Honduras is a country broken by the chronic inequality that has excluded young people from the centers of economic and cultural opportunity, forcing them to survive on the margins of society, with the violence and inscrutability of the gangs. With the foundation, in 1989, of Xibalbá, Itsmania Pineda created a space and an opportunity where young people have the chance to change their lives and channel their artistic energies into different socially beneficial projects. With these activities they are able to discover new identities, based on admiration and respect from the community.
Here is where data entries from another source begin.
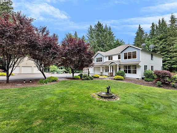 Welcome to this exceptional 4-bedroom + office, 3-bathroom home offering 3,765 sq ft of thoughtfully designed living space. Situated on a serene, mostly flat 2.5 acre lot. This property combines privacy, functionality, and amenities, such as a 1600 sq ft DETACHED SHOP that was built in 2017 and could potentially be made into extra living space or ADU - it has a partially finished bathroom, a loft and a wood stove. All of this is behind a fenced, gated entry with a circular driveway. The attached garage is oversized with lots of workspace area. There's tons of room to park all your toys or equipment. The main level of the home features an office that could possibly be a 5th bedroom, and a bathroom with a walk-in shower, which is ideal for guests or multi-generational living, formal living room, dining room, family room with a gas fireplace and a lovely kitchen that was updated in 2016 with beautiful countertops, new appliances and LVP flooring. Right outside the kitchen nook area is a sliding door taking you to a large deck with a hot tub overlooking the park-like backyard. The outdoor firepit area is perfect for entertaining or relaxing evenings. Upstairs you will find a large loft, three additional bedrooms, a full bath, laundry room, and the Primary Suite which is huge with a gas fireplace, jetted tub, walk-in shower and walk-in closet. This fabulous home has a fresh coat of exterior paint, HVAC/heat pump replaced in 2013, and a backup generator for added peace of mind. This home offers privacy, generous space, and flexible outbuildings — perfect for hobbyists, or anyone seeking room to live and grow. Come take a drive up the beautiful Washougal River Road and view this home today.
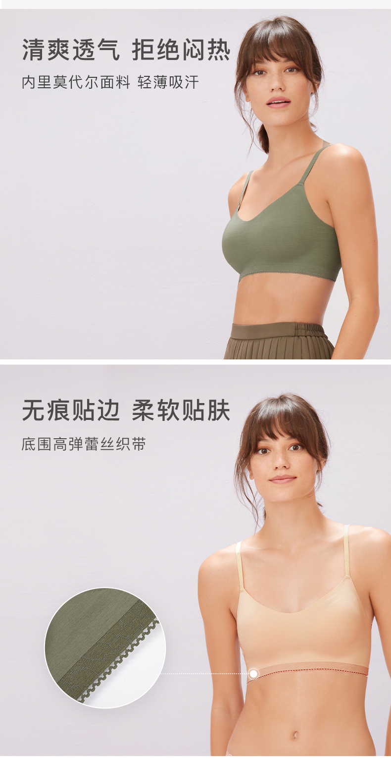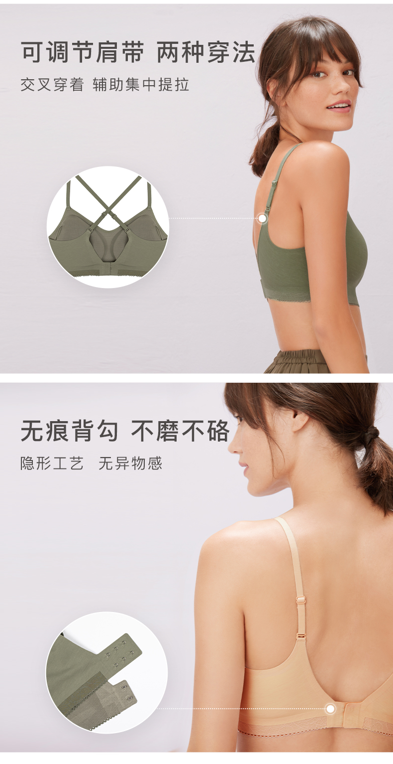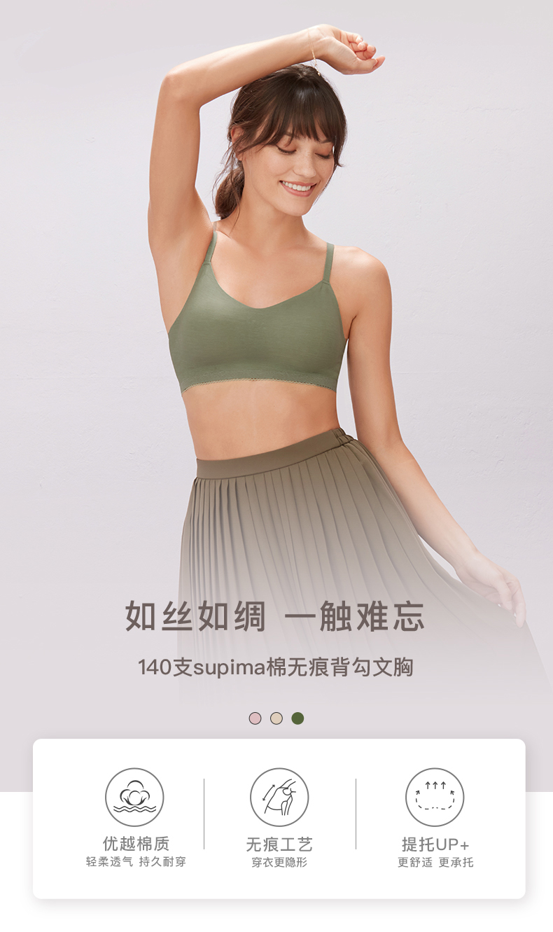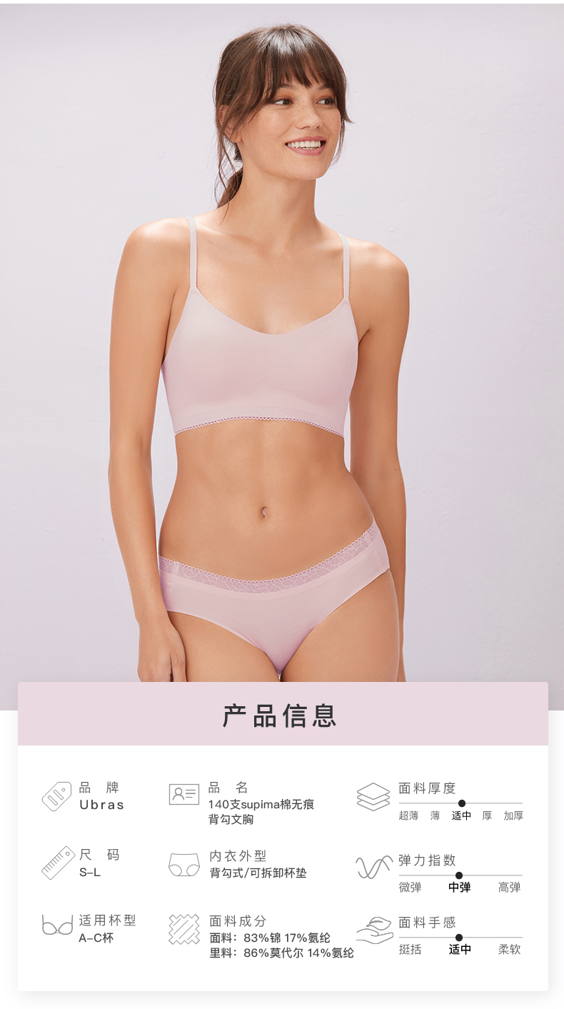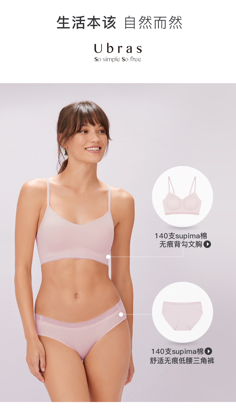 Ubras140支supima棉无痕背勾文胸透气亲肤无痕无钢圈舒适胸罩女
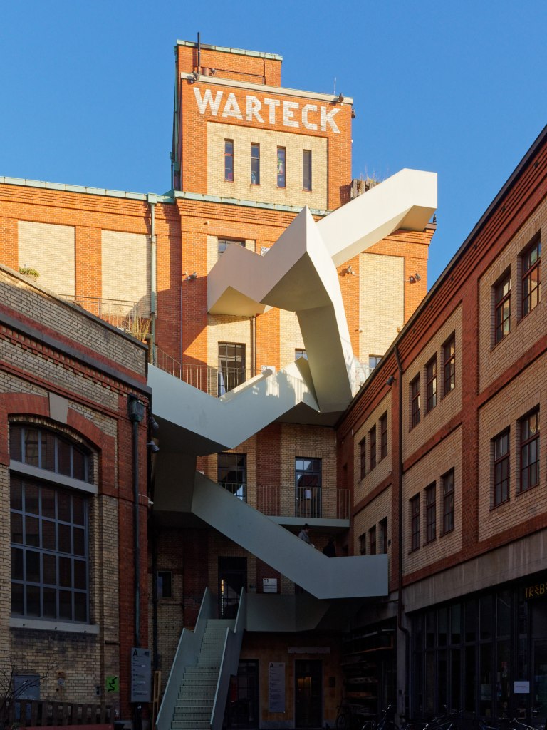 Wenige Minuten später bin ich bereits am nächsten Fotostop angelangt. Das Warteck, ein ehemaliges Brauereigebäude, ist mittlerweile Heim für verschiedene Kultureinrichtungen und Gastbetriebe. Vor allem fällt die eigenwillige Außentreppe auf. Diese kann man auch hinaufsteigen und hat wiedermal einen schönen Rundumblick.
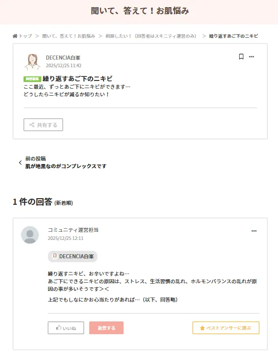 スキニティは、肌悩み総合コミュニティとして機能しているかを大切にしています。
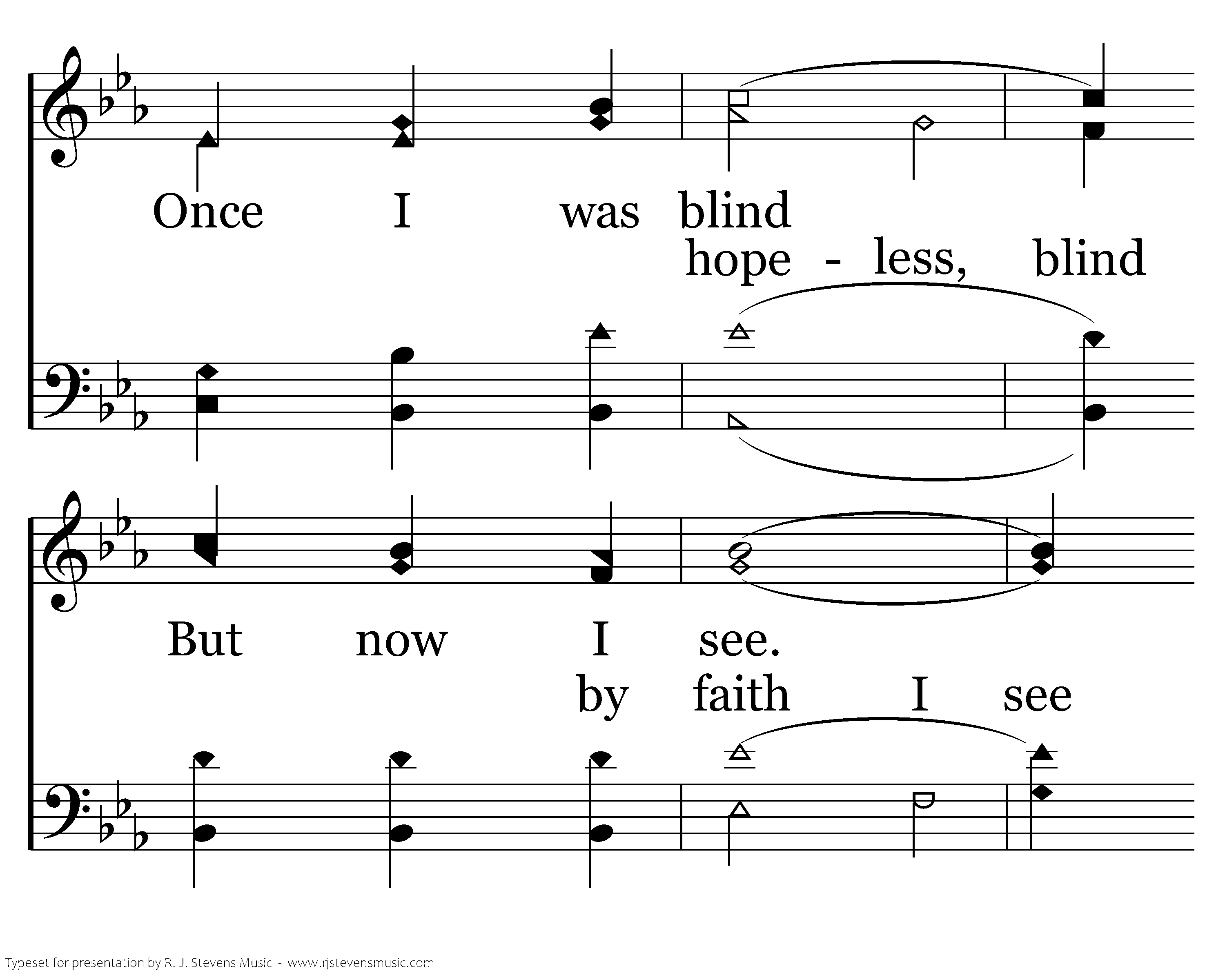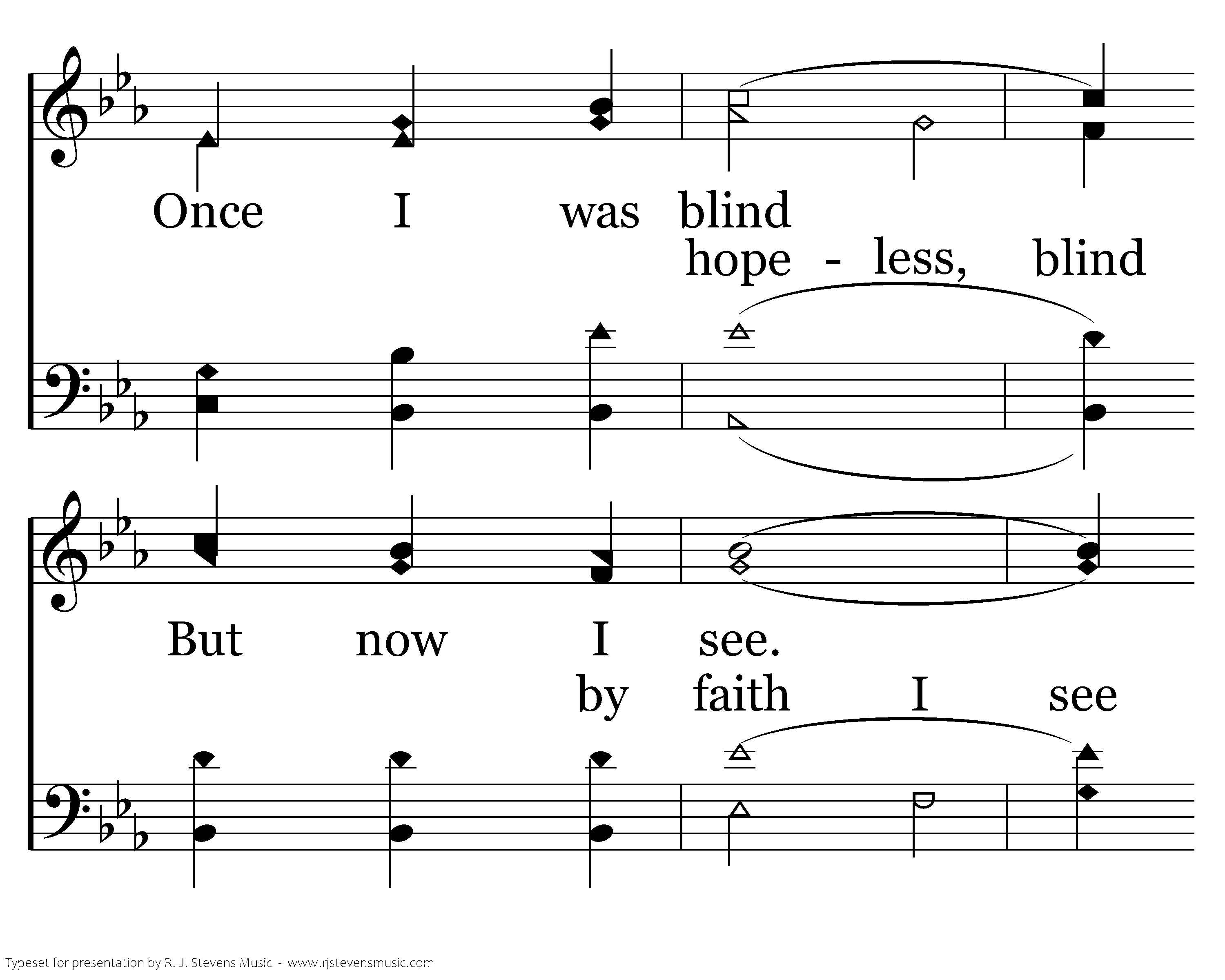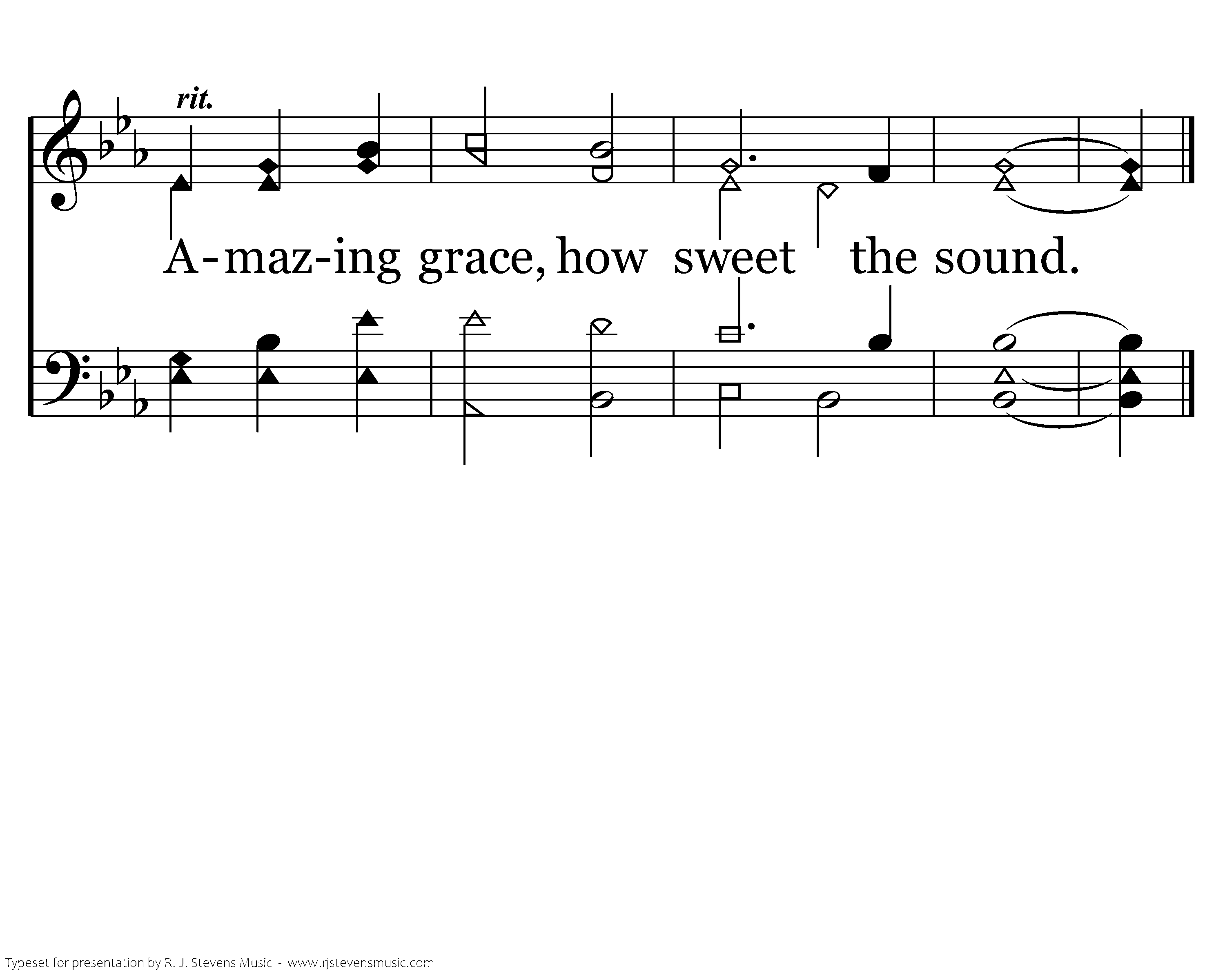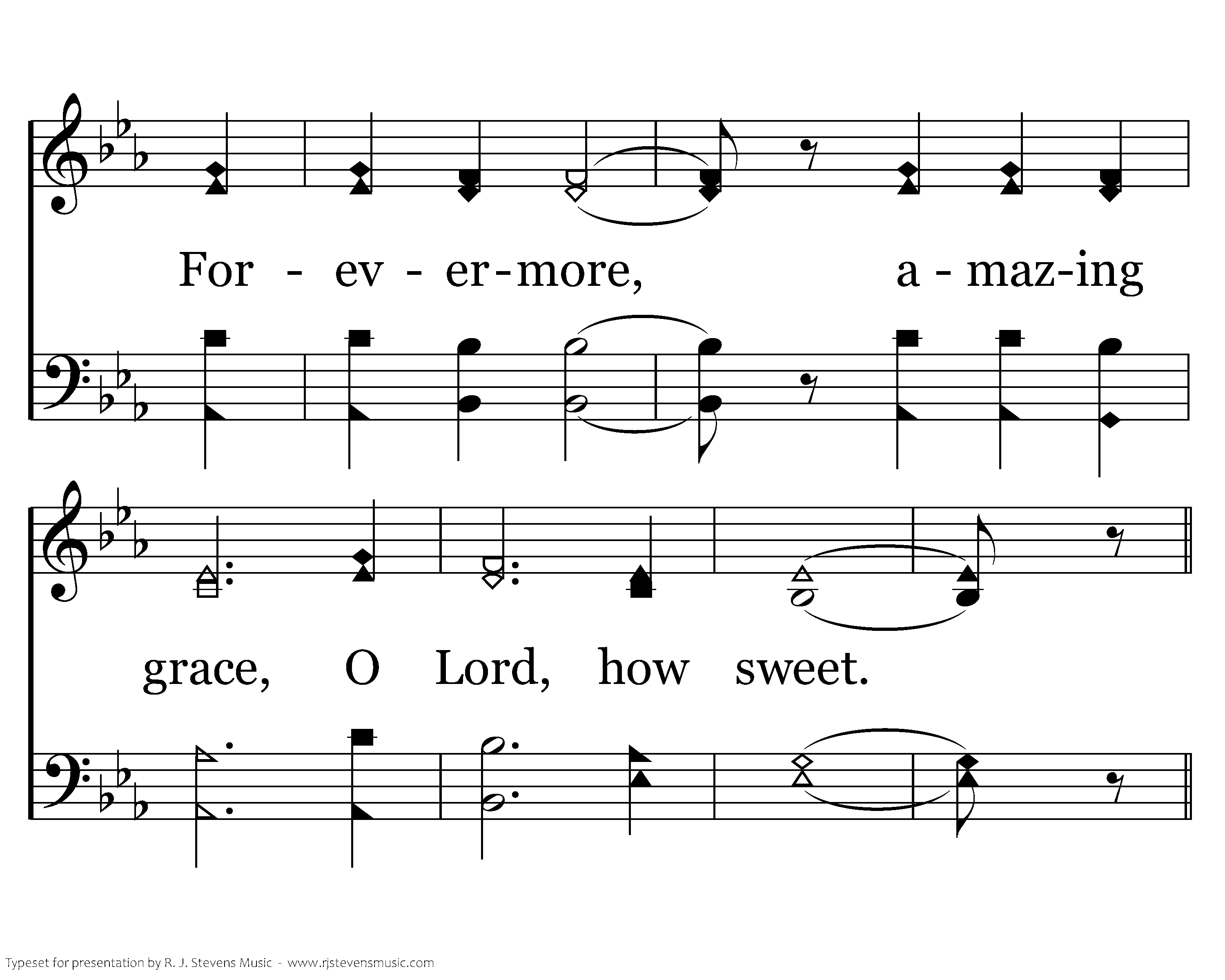 Amazing grace, how sweet the sound is to my soul, That I should be from sin set free. Once I was lost but now I'm found. Forevermore, amazing grace has rescued me. Now by that grace I am redeemed, Once I was blind But now I see. Ten thousand years, and then forevermore, Amazing grace shall be my plea.

During her childhood in Comayagüela, on the periphery of Tegucigalpa, Itsmania Pineda was part of the expansion of the youth organizations that are recognized all over Central America by the name of maras. Those brotherhoods were originated in the United States as a reaction to the violence related to inter-ethnic and economic factors that created conflicts inside the immigrant community. With the deportation of their leaders and members, the gangs were reproduced in their native territories. In 1989, along with a group of artists and community activists, inspired on the Mayan idea of the labyrinth-like essence of the human spirit, Itsmania founded the Xibalbá Art and Culture. Honduran youth, despised and excluded because of their way of dressing and their gang symbols, found, in Xibalbá, a place to develop their creative and cooperative potential, participating, for example, in a series of concerts and art marathons. Since then, they were able to express themselves, showing their sensibilities, and responding in benefit to social needs. The repercussions of those manifestations helped to melt the masks of public prejudice and gave the young people from Xibalbá a prestige that travels far beyond the Honduran national borders. In her book ‘Why I joined the gangs,’ Itsmania–officially named by the Honduran courts as the only expert and adviser in the interpretation of tattoos–approached the dynamics of the youth gangs from a panoramic vision, which she gained due to her privileged experience. The book acted as immediate stimuli for the international mechanisms of solidarity and is considered of inestimable value to the field of social science. “If the youth can function together to give a violent response to situations, they can act together in order to respond with their art.”